[Fortran90]Problem with Gaussian distribution

Aner · Jul 18, 2015

Hi,
I have a problem in my program and I cannot figure it out.
In the last post I had a problem about some arrays, I perfectly resolved it thanks to you, but now my problem is a little bit subtle. I have a subroutine(here I'll post it has a program )that generates random numbers in order to create errors so that those must have a Gaussian distribution and it is perfect, the program works perfectly, I can have a really nice Gaussian until I centred my points (that is what I must do to associated the errors to my data). After I centred the points I get a weird accumulation of point near x=1 that I can't explain.
Here is the program I'm talking about

Fortran:

Program gauss
implicit none

character(len=6)::gaussn
real,dimension(10000)::m,a,ltot,pron
REAL::x,l
INTEGER::i,n,k,p,j,fn=10000

print*,"scrivere il nome del file"

read*,gaussn   OPEN(UNIT=1,FILE=gaussn)

do f=1,n

read(1,*)m(f)

pron(f)=2*0.1*(m(f)-0.5)
end do
close (unit=1)a=0

l=0.1/700do i=1,np=int(pron(i)/l)

a(p+(n/2+1))=a(p+(n/2+1))+1
!a(p)=a(p)+1
end do

do j=1,n
ltot(j)=-(n/2.0)+j

write(unit=15,fmt=*)ltot(j),a(j)
end do

end program gauss

The file that it reads is a column of data that I generate in my main program. I printed two files, one with the already centred points and one with the not centred ones. Now I would expect those two sets of points to give a Gaussian distribution but a you can see those are pretty different.
This pron(f)=2*0.1*(m(f)-0.5) is the line that I use to centre my points, it's something that we did in class with the teacher. I even thought that maybe it was the minus sign that was bothering fortran and I did some experiments like changing it with a plus and defining m(f) as negative.
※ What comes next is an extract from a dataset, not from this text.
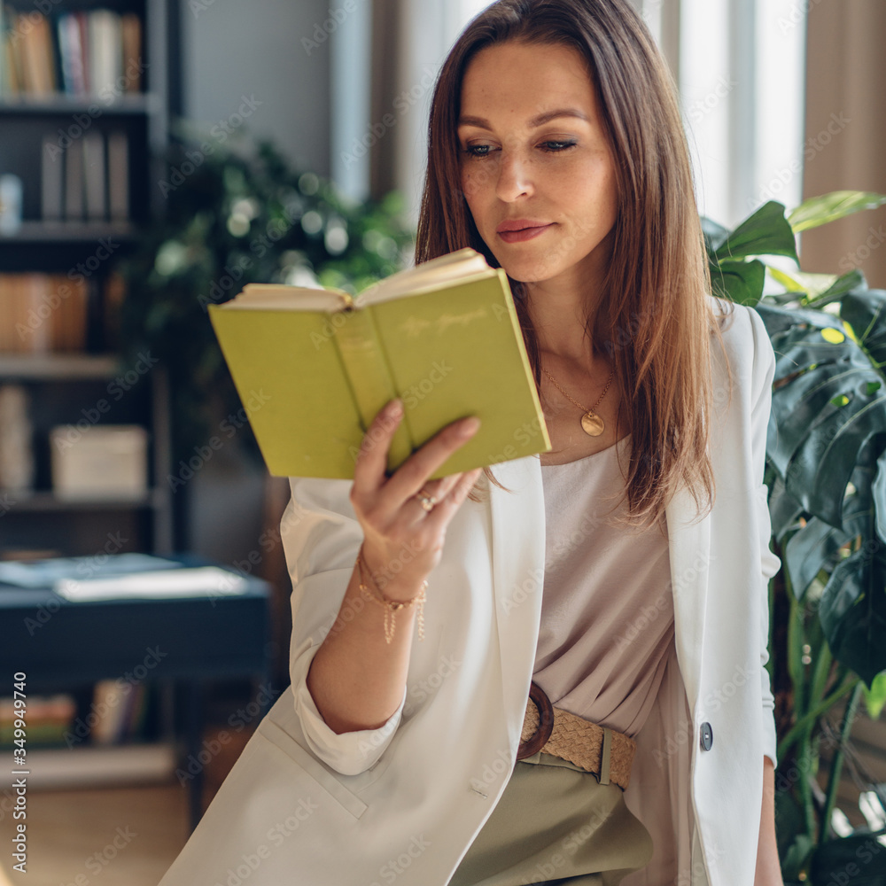 Portrait of young woman reading book at home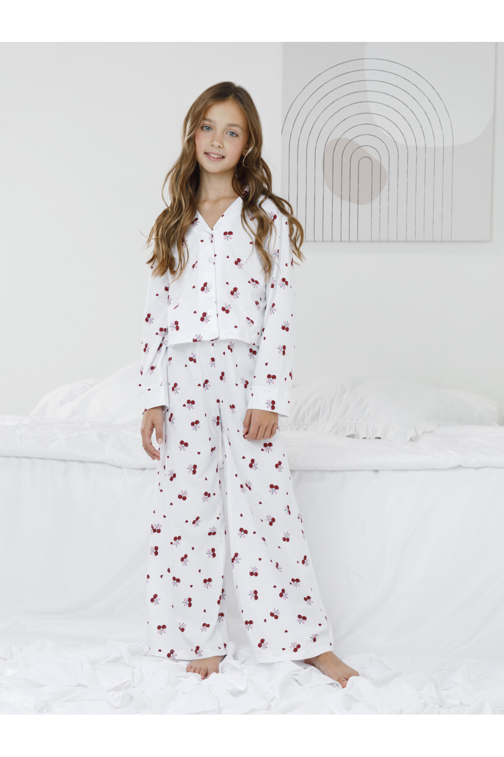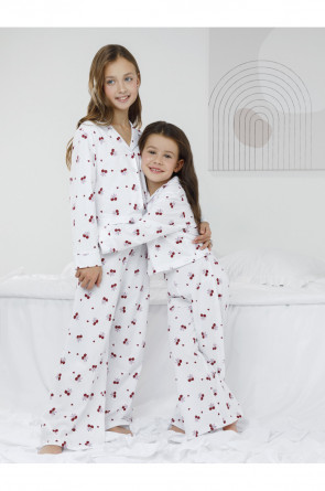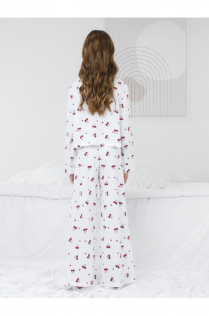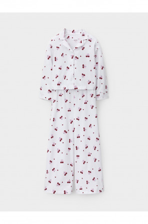 Трикотажная пижама из натурального хлопка для комфортного сна и отдыха. Рубашка на пуговицах с длинными рукавами и широкие брюки с мягкой эластичной резинкой в поясе. Набивной рисунок выполнен из стойких текстильных гипоаллергенных красителей. Изделие сохраняет цвет и форму после многократных стирок. Все трикотажные полотна производятся в соответствии с нормами швейцарского сертификата ЭкоТекс.

In the main program if I use the centred points I have a "lack" of precision, if I expect my output to be -3 I'll get -2.993... with an error of order 10^-7 when with the not centred ones I get -3.001... with an error of order 10 ^-3.
I can't understand the problem if there is one or it is just me, maybe I'm missing something.
Thanks in advanced.

gsal · Jul 18, 2015

I don't quite get what you are trying to do...can you try again to better explain what you mean by "centering" the data? In which direction? x? y?

f is just the array index, that's fine. But if m(f) is the y value of your data, what does "-0.5" had to do with centering? It is no like the maximum value is 1.0! If you want to center the data in the y direction (and allow negative values) then, you need to subtract half the maximum value from all data points, not just "half" (0.5). You maximum value is over 200...I don't see how taking 0.5 away from it centers it. In the same line, you divide by 10...are you scaling everything down? and then multiply by 2...scaling again?
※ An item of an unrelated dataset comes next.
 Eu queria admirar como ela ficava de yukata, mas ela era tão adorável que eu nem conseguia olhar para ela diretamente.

In the following loop you take pron and multiply by 7000! what is that about? Then, you take these function values and mix them up with the index variable n, in effect, you are kind of transposing the whole thing using function values as your index...is this on purpose? I am confused.

Aner · Jul 18, 2015

gsal said:

I don't quite get what you are trying to do...can you try again to better explain what you mean by "centering" the data? In which direction? x? y?

f is just the array index, that's fine. But if m(f) is the y value of your data, what does "-0.5" had to do with centering? It is no like the maximum value is 1.0! If you want to center the data in the y direction (and allow negative values) then, you need to subtract half the maximum value from all data points, not just "half" (0.5). You maximum value is over 200...I don't see how taking 0.5 away from it centers it. In the same line, you divide by 10...are you scaling everything down? and then multiply by 2...scaling again?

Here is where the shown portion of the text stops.